Rapid quantification of COVID-19 pneumonia burden from computed
tomography with convolutional LSTM networks
- URL: http://arxiv.org/abs/2104.00138v1
- Date: Wed, 31 Mar 2021 22:09:14 GMT
- Title: Rapid quantification of COVID-19 pneumonia burden from computed
tomography with convolutional LSTM networks
- Authors: Kajetan Grodecki, Aditya Killekar, Andrew Lin, Sebastien Cadet,
Priscilla McElhinney, Aryabod Razipour, Cato Chan, Barry D. Pressman, Peter
Julien, Judit Simon, Pal Maurovich-Horvat, Nicola Gaibazzi, Udit Thakur,
Elisabetta Mancini, Cecilia Agalbato, Jiro Munechika, Hidenari Matsumoto,
Roberto Men\`e, Gianfranco Parati, Franco Cernigliaro, Nitesh Nerlekar,
Camilla Torlasco, Gianluca Pontone, Damini Dey, Piotr J. Slomka
- Abstract summary: We propose a new fully automated deep learning framework for rapid quantification and differentiation between lung lesions in COVID-19 pneumonia.

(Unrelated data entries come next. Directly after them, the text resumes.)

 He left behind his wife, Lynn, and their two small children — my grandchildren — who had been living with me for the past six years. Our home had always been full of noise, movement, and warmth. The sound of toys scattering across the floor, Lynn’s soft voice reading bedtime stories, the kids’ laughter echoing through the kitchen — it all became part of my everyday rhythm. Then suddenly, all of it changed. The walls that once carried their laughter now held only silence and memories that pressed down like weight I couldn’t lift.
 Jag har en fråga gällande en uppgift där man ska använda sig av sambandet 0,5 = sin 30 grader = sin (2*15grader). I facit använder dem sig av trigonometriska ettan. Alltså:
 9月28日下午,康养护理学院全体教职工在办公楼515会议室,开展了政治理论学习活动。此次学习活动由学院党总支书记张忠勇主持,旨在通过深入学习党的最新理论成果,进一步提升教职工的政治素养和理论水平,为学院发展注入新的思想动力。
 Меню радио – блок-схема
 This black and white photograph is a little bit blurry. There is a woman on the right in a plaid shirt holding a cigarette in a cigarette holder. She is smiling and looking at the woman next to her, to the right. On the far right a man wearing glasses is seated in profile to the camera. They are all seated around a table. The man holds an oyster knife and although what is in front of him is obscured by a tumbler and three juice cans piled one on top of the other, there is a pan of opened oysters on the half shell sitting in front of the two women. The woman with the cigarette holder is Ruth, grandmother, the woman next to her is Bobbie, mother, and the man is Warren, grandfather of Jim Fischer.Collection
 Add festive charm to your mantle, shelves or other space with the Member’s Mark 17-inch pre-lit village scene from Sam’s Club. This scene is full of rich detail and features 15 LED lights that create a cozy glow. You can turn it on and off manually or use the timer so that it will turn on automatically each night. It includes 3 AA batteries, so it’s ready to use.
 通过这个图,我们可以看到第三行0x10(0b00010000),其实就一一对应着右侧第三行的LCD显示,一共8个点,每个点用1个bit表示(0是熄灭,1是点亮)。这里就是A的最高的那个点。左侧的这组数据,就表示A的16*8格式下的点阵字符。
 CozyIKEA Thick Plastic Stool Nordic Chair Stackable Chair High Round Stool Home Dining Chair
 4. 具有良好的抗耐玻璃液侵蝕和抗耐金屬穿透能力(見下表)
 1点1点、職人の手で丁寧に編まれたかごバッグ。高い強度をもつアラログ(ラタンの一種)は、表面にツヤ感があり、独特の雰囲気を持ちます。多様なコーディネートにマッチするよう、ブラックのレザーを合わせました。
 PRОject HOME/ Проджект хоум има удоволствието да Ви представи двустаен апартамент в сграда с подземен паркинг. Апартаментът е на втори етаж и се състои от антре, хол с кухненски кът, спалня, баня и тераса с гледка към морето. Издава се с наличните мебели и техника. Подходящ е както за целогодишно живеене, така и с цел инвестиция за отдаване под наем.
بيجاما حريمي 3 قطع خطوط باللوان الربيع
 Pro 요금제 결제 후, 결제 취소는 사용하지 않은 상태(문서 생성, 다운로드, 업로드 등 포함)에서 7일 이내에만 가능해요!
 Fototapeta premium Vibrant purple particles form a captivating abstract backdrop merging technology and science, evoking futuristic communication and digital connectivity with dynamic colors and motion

The performance of the method was evaluated on CT data sets from 197 patients with positive reverse transcription polymerase chain reaction test result for SARS-CoV-2.
- Score: 1.0072268949897432
- License: http://creativecommons.org/licenses/by-nc-nd/4.0/
- Abstract: Quantitative lung measures derived from computed tomography (CT) have been
demonstrated to improve prognostication in coronavirus disease (COVID-19)
patients, but are not part of the clinical routine since required manual
segmentation of lung lesions is prohibitively time-consuming. We propose a new
fully automated deep learning framework for rapid quantification and
differentiation between lung lesions in COVID-19 pneumonia from both contrast
and non-contrast CT images using convolutional Long Short-Term Memory
(ConvLSTM) networks. Utilizing the expert annotations, model training was
performed 5 times with separate hold-out sets using 5-fold cross-validation to
segment ground-glass opacity and high opacity (including consolidation and
pleural effusion). The performance of the method was evaluated on CT data sets
from 197 patients with positive reverse transcription polymerase chain reaction
test result for SARS-CoV-2. Strong agreement between expert manual and
automatic segmentation was obtained for lung lesions with a Dice score
coefficient of 0.876 $\pm$ 0.005; excellent correlations of 0.978 and 0.981 for
ground-glass opacity and high opacity volumes. In the external validation set
of 67 patients, there was dice score coefficient of 0.767 $\pm$ 0.009 as well
as excellent correlations of 0.989 and 0.996 for ground-glass opacity and high
opacity volumes. Computations for a CT scan comprising 120 slices were
performed under 2 seconds on a personal computer equipped with NVIDIA Titan RTX
graphics processing unit. Therefore, our deep learning-based method allows
rapid fully-automated quantitative measurement of pneumonia burden from CT and
may generate results with an accuracy similar to the expert readers.